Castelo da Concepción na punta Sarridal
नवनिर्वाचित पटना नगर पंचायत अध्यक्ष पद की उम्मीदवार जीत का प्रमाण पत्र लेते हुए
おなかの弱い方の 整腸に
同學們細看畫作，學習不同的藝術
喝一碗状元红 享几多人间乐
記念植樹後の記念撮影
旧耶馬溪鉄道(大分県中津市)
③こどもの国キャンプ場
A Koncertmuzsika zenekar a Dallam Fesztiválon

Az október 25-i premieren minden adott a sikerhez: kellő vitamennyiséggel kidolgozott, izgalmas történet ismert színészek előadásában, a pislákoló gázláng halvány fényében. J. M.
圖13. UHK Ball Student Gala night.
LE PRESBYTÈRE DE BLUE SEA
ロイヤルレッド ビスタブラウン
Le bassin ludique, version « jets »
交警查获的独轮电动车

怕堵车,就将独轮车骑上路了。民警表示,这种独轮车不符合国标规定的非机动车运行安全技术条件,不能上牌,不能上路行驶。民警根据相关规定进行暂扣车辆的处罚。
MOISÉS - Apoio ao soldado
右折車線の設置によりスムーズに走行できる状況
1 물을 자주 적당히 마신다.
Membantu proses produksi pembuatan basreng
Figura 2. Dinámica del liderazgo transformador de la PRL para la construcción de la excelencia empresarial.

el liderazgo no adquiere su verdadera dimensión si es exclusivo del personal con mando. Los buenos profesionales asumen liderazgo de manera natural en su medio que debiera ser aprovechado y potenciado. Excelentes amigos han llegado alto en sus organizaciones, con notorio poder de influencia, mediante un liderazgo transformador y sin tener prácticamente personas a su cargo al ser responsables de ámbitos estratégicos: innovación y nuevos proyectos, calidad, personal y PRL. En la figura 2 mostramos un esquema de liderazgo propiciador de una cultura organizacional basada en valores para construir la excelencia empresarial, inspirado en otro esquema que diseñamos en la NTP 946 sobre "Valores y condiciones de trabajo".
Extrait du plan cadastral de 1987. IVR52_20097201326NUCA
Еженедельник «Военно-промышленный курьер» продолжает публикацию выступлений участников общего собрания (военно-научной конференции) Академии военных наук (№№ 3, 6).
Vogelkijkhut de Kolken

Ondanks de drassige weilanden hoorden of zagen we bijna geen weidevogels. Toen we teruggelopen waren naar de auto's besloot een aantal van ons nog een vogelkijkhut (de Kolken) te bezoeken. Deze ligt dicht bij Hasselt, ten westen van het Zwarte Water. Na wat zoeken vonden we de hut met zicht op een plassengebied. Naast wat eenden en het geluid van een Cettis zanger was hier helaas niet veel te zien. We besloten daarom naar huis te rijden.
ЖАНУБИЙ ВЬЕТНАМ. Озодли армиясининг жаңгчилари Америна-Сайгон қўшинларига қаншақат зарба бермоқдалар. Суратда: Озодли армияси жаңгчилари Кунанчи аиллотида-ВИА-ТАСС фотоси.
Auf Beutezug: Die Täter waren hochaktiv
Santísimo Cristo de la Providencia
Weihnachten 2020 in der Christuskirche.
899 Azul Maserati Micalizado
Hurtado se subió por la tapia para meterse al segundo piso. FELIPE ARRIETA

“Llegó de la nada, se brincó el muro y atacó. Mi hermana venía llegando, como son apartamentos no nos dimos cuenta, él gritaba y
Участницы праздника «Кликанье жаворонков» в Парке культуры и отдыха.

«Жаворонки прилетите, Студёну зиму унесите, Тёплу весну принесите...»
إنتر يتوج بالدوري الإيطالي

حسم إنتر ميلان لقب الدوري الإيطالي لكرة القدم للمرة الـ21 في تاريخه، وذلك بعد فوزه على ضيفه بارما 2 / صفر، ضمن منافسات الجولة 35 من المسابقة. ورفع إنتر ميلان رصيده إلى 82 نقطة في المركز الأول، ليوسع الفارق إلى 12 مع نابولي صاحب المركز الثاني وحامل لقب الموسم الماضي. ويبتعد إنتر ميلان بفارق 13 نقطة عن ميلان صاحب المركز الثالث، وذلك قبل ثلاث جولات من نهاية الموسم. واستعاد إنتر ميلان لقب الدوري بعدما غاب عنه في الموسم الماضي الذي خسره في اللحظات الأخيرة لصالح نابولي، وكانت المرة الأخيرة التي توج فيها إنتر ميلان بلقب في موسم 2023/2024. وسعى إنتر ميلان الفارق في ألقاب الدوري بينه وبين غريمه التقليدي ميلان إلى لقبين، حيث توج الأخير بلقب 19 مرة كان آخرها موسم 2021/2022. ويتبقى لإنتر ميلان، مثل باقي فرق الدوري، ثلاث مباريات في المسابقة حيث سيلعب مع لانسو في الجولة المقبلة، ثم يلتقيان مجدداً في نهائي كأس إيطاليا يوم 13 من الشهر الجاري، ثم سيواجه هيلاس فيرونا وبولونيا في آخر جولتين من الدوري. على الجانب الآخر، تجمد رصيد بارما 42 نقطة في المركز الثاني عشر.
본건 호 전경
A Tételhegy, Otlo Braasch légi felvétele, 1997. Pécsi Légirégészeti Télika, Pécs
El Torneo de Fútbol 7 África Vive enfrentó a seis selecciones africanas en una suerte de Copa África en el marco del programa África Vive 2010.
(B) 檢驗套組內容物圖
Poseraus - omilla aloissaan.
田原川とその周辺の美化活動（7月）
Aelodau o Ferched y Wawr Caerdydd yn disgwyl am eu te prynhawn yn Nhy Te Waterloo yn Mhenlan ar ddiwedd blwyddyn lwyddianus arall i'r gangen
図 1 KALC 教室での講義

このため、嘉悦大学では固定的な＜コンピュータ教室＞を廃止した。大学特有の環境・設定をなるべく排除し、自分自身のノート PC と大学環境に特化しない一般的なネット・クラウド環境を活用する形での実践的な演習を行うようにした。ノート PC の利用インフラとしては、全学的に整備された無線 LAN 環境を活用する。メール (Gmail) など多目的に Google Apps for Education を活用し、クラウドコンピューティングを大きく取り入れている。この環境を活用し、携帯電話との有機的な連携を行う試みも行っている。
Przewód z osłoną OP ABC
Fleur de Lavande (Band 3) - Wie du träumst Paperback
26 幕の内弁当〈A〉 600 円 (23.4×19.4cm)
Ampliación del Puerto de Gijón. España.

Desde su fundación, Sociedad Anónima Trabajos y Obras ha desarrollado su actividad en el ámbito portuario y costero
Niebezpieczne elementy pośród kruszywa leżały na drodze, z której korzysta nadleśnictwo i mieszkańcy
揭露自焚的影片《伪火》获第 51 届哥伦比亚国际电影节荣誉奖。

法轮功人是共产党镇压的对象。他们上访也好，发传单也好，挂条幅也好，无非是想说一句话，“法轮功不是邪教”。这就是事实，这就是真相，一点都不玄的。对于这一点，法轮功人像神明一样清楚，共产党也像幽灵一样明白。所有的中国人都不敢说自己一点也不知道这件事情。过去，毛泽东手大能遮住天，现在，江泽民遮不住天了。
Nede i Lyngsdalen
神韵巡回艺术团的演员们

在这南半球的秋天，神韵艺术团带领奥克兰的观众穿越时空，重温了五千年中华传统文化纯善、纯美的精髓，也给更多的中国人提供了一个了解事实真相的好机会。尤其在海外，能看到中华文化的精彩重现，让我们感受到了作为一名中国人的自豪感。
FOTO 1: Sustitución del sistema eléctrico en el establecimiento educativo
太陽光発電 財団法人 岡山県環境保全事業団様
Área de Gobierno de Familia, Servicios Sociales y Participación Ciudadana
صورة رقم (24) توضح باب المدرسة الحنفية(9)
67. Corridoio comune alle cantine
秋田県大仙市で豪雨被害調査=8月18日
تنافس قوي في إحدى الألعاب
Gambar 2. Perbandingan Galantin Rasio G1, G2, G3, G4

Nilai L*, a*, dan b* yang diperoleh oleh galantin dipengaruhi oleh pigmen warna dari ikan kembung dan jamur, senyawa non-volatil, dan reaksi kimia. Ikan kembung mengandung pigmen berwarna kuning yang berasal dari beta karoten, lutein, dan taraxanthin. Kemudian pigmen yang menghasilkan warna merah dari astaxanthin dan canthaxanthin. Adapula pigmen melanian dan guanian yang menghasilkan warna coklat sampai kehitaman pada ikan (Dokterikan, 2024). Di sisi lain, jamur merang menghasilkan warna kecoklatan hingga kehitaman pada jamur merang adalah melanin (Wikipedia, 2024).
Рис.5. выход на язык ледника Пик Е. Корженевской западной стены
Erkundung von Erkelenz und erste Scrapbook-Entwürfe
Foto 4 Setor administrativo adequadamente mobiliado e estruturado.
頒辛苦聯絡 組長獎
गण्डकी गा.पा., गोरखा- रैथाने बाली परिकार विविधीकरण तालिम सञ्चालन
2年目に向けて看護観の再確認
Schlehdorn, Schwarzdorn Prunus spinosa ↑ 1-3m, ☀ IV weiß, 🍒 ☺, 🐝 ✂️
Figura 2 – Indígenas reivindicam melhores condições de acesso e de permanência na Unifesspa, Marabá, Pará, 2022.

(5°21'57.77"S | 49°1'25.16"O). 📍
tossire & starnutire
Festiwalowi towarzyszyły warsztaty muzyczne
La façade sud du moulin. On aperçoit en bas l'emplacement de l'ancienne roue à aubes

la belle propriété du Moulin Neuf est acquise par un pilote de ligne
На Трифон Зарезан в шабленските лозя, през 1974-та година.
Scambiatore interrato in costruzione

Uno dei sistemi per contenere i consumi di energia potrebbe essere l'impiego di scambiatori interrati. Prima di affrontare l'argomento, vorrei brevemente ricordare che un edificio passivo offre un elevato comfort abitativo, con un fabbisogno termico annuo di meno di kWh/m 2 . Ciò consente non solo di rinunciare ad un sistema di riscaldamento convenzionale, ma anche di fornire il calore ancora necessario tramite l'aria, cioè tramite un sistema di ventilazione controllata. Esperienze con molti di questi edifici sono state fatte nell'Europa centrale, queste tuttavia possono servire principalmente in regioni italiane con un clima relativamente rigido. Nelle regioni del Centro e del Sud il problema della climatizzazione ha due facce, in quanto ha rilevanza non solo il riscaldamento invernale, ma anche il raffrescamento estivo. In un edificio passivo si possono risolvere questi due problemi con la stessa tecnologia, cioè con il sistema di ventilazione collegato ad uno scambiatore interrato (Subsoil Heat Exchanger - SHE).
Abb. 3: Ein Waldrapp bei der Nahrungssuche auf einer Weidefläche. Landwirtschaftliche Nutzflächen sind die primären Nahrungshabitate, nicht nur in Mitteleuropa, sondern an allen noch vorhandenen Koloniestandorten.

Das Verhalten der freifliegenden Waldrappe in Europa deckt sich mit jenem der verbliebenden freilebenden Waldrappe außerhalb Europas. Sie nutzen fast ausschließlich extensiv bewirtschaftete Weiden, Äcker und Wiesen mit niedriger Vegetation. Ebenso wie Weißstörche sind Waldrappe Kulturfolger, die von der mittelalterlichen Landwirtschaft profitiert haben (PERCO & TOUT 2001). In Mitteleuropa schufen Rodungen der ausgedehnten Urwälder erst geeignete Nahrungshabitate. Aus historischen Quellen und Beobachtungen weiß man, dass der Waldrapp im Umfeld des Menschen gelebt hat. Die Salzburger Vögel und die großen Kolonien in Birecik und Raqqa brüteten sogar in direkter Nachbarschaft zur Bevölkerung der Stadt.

┄┄┄┄┄┄

What you are asked to do:
Write out exactly the lines above from the line with "él gritaba y" through the line with "إنتر يتوج بالدوري الإيطالي", both of them included, and leave out all other lines.

Response:
“Llegó de la nada, se brincó el muro y atacó. Mi hermana venía llegando, como son apartamentos no nos dimos cuenta, él gritaba y
Участницы праздника «Кликанье жаворонков» в Парке культуры и отдыха.

«Жаворонки прилетите, Студёну зиму унесите, Тёплу весну принесите...»
إنتر يتوج بالدوري الإيطالي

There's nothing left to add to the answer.